• PROVIDED INFORMATION:
□ □ □ □
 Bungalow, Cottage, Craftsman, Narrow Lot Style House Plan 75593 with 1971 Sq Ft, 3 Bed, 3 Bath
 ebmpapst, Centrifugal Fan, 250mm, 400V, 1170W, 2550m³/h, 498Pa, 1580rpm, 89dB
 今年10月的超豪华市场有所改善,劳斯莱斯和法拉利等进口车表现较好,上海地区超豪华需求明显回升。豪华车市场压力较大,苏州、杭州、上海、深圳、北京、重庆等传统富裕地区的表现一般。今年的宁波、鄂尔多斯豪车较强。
□ □ □ □
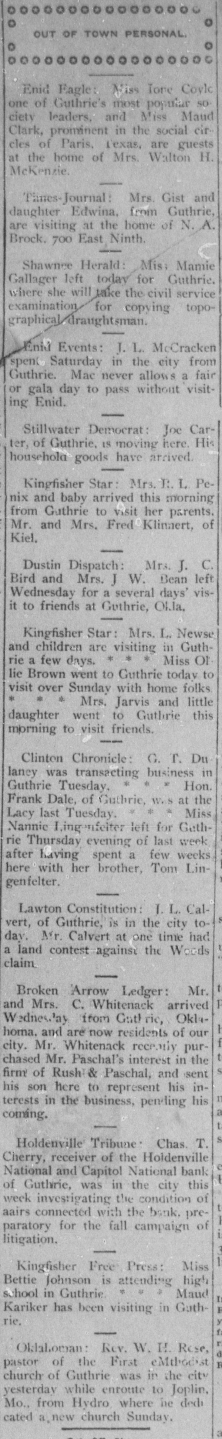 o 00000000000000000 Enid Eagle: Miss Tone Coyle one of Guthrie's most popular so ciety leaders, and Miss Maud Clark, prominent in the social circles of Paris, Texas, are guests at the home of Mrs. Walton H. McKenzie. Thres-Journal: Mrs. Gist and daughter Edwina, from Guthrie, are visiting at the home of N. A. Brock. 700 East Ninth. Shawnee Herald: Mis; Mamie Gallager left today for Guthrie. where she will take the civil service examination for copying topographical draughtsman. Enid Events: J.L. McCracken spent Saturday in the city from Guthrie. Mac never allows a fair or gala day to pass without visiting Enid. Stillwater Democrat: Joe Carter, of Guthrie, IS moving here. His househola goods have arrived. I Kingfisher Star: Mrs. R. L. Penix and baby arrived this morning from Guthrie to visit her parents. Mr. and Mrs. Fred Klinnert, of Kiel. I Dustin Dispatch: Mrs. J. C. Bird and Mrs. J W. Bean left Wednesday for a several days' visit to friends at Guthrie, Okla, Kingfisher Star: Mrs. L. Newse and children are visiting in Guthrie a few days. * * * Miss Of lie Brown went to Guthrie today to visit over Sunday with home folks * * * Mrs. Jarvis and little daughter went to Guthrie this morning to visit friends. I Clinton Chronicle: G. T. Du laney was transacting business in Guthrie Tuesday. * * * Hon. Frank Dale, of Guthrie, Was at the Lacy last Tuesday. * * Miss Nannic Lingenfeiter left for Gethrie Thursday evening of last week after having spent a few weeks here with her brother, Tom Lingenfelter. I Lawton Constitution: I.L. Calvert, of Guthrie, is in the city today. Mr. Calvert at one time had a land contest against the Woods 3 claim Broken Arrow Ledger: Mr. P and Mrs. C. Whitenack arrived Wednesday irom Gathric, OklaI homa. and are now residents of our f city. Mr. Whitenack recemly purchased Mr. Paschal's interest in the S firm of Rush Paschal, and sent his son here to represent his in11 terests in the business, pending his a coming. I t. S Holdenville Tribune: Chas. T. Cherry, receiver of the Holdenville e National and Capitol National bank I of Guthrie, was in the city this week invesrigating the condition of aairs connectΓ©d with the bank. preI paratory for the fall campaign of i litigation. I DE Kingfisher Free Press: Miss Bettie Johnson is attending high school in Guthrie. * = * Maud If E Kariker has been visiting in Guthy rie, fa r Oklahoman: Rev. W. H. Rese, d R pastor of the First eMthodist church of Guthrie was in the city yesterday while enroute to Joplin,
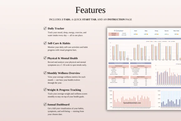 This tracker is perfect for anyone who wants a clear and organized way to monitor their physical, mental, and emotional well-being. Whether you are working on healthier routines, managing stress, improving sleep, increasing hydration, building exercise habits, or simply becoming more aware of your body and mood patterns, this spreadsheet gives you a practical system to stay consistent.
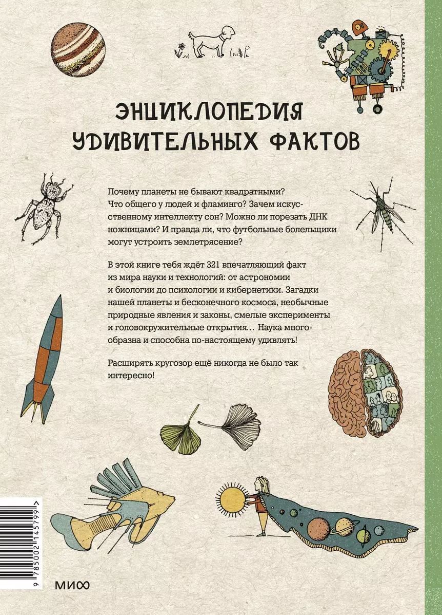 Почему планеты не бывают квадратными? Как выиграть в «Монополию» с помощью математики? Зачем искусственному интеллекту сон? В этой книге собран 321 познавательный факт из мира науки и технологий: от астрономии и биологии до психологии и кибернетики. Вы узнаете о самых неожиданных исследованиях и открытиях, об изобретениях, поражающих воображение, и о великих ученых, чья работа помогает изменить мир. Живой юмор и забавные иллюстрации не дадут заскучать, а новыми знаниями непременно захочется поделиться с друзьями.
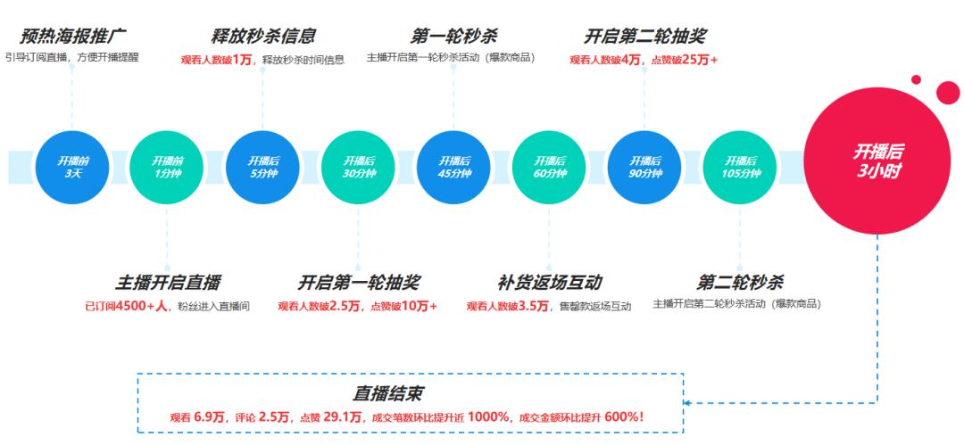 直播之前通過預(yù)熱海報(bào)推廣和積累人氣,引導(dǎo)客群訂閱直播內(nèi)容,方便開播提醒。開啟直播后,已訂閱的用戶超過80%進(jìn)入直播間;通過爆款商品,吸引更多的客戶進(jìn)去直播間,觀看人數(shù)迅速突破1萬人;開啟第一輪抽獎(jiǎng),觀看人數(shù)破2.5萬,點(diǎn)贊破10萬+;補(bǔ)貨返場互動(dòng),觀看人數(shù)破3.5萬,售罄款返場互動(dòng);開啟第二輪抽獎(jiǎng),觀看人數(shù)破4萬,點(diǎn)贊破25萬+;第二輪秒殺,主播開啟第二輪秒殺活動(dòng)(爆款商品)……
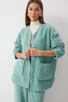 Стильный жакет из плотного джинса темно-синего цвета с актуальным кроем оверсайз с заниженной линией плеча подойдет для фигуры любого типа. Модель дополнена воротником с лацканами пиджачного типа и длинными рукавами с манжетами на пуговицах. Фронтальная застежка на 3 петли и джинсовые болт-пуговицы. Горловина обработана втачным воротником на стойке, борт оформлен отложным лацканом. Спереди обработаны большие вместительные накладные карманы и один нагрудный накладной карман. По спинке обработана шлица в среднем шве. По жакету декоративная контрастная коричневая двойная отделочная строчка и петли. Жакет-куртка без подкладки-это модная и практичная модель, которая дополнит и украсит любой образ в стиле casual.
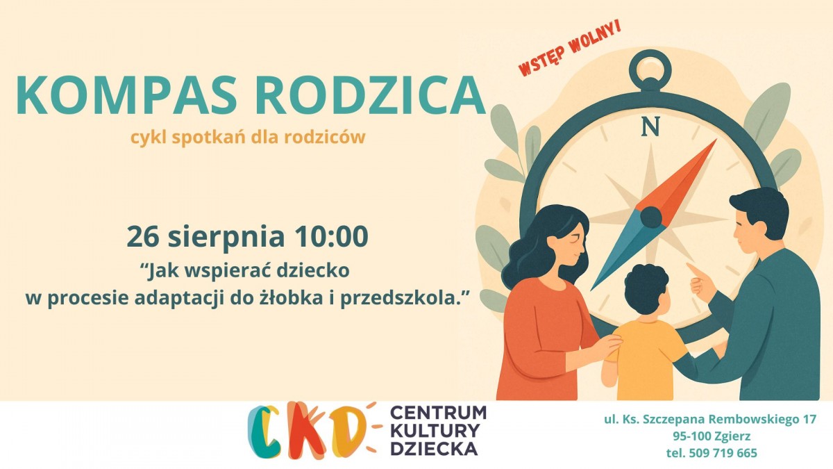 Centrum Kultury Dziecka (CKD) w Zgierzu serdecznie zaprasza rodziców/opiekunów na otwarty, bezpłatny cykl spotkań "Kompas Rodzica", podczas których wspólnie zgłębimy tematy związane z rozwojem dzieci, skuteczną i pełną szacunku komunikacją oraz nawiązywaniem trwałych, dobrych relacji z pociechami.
□ □ □ □
• PROBLEM DETAILS: Take exactly the lines from the one containing "Bungalow, Cottage, Craftsman, Narrow" through the one containing "今年10月的超豪华市场有所改" in the data above, and output them with nothing added.

• YOUR RESPONSE:
 Bungalow, Cottage, Craftsman, Narrow Lot Style House Plan 75593 with 1971 Sq Ft, 3 Bed, 3 Bath
 ebmpapst, Centrifugal Fan, 250mm, 400V, 1170W, 2550m³/h, 498Pa, 1580rpm, 89dB
 今年10月的超豪华市场有所改善,劳斯莱斯和法拉利等进口车表现较好,上海地区超豪华需求明显回升。豪华车市场压力较大,苏州、杭州、上海、深圳、北京、重庆等传统富裕地区的表现一般。今年的宁波、鄂尔多斯豪车较强。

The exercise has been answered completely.